#### TASK DIRECTIONS
Without changing a word, return the listing below, minus its images.

#### DATA PROVIDED
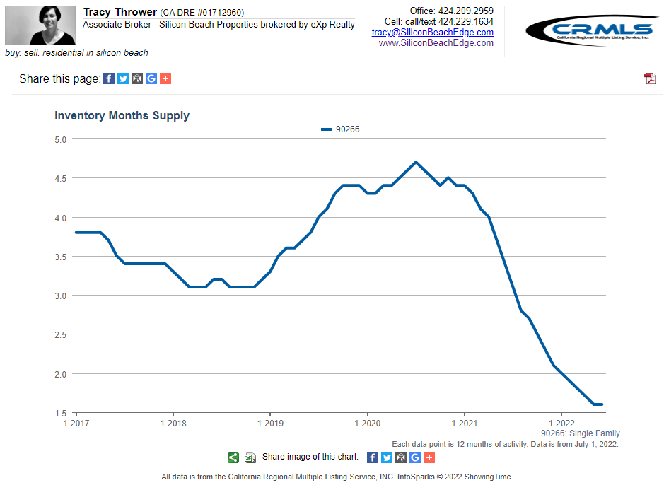 4-6 months of inventory is considered a “neutral” market where neither sellers nor buyers hold an advantage. Even though inventory is up month over month, Manhattan Beach’s inventory is holding steady in the bigger picture at about 1.6 months. Manhattan Beach continues to be a “super sellers’ market.” With luck, Manhattan Beach will continue its three month trend of increasing inventory and buyers will see some relief.
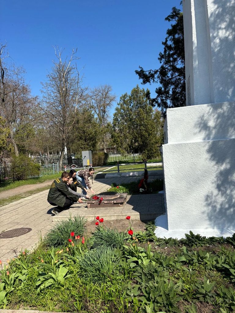 Новости все 18 апреля, 2025 Возложение цветов к братской могиле советских воинов, погибших в боях за Таганрог16 апреля 2025 года доценты кафедры биолого-географического образования и здоровьесберегающих дисциплин, кураторы студенческих групп профиля «Биология и география» Валентина Анатольевна Панова и Елена Алексеевна Першонкова в рамках плана мероприятий, приуроченных к 80-летию Великой Победы в Великой Отечественной войне и Году защитника Отечества, организовали поездку на Старое кладбище г. Таганрога с целью возложения цветов к братской могиле советских воинов, погибших во время Великой Отечественной войны. В поездке приняли участие студенты групп БГ-411, БГ-421 и БГ-431. Студенты и преподаватели возложили цветы к подножию памятника и почтили память погибших минутой молчания. |
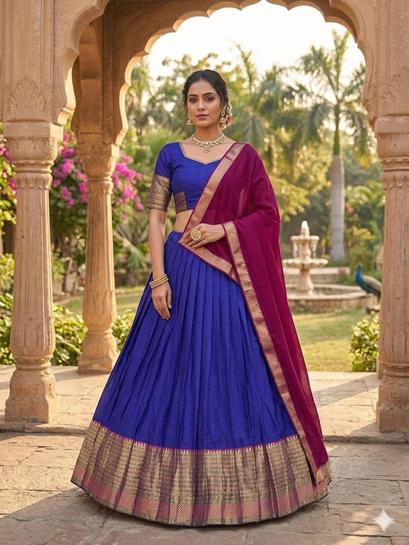 | Product Name | Royalblue Kanchi Cotton Zari Weaving Work Semi Stitched Lehenga Choli With Dupatta | |

#### ANSWER TO THIS PROBLEM
 4-6 months of inventory is considered a “neutral” market where neither sellers nor buyers hold an advantage. Even though inventory is up month over month, Manhattan Beach’s inventory is holding steady in the bigger picture at about 1.6 months. Manhattan Beach continues to be a “super sellers’ market.” With luck, Manhattan Beach will continue its three month trend of increasing inventory and buyers will see some relief.
 Новости все 18 апреля, 2025 Возложение цветов к братской могиле советских воинов, погибших в боях за Таганрог16 апреля 2025 года доценты кафедры биолого-географического образования и здоровьесберегающих дисциплин, кураторы студенческих групп профиля «Биология и география» Валентина Анатольевна Панова и Елена Алексеевна Першонкова в рамках плана мероприятий, приуроченных к 80-летию Великой Победы в Великой Отечественной войне и Году защитника Отечества, организовали поездку на Старое кладбище г. Таганрога с целью возложения цветов к братской могиле советских воинов, погибших во время Великой Отечественной войны. В поездке приняли участие студенты групп БГ-411, БГ-421 и БГ-431. Студенты и преподаватели возложили цветы к подножию памятника и почтили память погибших минутой молчания. |
 | Product Name | Royalblue Kanchi Cotton Zari Weaving Work Semi Stitched Lehenga Choli With Dupatta | |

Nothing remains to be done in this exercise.